А Шутиков в это время, придерживаясь одной рукой за снасти, чтоб не упасть, занимал небольшую кучку молодых матросов, с испуганными лицами прижавшихся к мачте, посторонними разговорами. Он так спокойно и просто рассказывал про какой-то забавный деревенский случай и так добродушно смеялся, когда долетавшие брызги волн попадали ему в лицо, что это спокойное настроение невольно передавалось другим и ободряло молодых матросов, отгоняя всякую мысль об опасности.
— И где это ты научился так ловко? — заговорил Лаврентьич, посасывая носогрейку с махоркой. — Пел у нас на «Костенкине» один матросик, надо правду сказать, что форменно пел… да все не так забористо.
— Так, самоучкой, в пастухах когда жил. Бывало, стадо разбредется по лесу, а сам лежишь под березкой и песни играешь… Меня так в деревне и прозывали: певчий пастух! — прибавил Шутиков, улыбаясь.
И все почему-то улыбнулись в ответ, а Лаврентьич, кроме того, трепанул Шутикова по спине и в виде особого расположения, выругался в самом нежном тоне, на который только был способен его испитой голос.
II
В эту минуту, расталкивая матросов, в круг торопливо вошел плотный пожилой матрос Игнатов.
Бледный и растерянный, с непокрытой коротко остриженной круглой головой, он сообщил порывистым от злобы и волнения голосом, что у него украли золотой.
— Двадцать франоков![10] Двадцать франоков, братцы! — жалобно повторял он, подчеркивая цифру.
Это известие смутило всех. Такие дела бывали редкостью на клипере.
Старики нахмурились. Молодые матросы, недовольные, что Игнатов внезапно нарушил веселое настроение, более с испуганным любопытством, чем с сочувствием, слушали, как он, задыхаясь и отчаянно размахивая своими опрятными руками, спешил рассказать про все обстоятельства, сопровождавшие покражу: как он, еще сегодня после обеда, когда команда отдыхала, ходил в свой сундучишко, и все было целехонько, все на своем месте, и как вот сейчас он пошел было за сапожным товаром и… — замок, братцы, сломан… двадцати франоков нет… Это как же? Своего же брата обкрадывать? — закончил Игнатов, обводя толпу блуждающим взглядом.

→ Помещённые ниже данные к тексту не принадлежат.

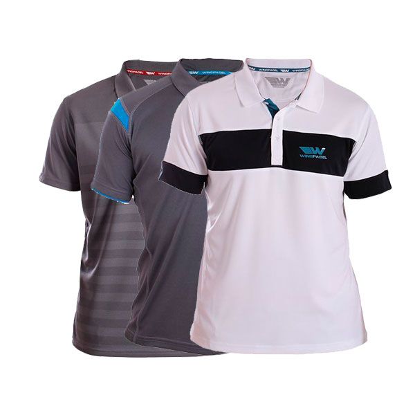 PACK 3 POLOS WINGPADEL, POLO MIPER GRIS Y AZUL, POLO W-LOT GRIS Y POLO W-THEO BLANCO NEGRO

Его гладкое, сытое, чисто выбритое, покрытое крупными веснушками лицо, с небольшими круглыми глазами и острым, словно у ястреба, загнутым носом, отличавшееся всегда спокойной сдержанностью и довольным, степенным видом неглупого человека, понимающего себе цену, теперь все было искажено отчаянием скряги, который потерял все имущество. Нижняя челюсть вздрагивала, круглые его глаза растерянно перебегали по лицам. Видно было, что покража совсем его расстроила, обнаружив его кулацкую, скаредную натуру.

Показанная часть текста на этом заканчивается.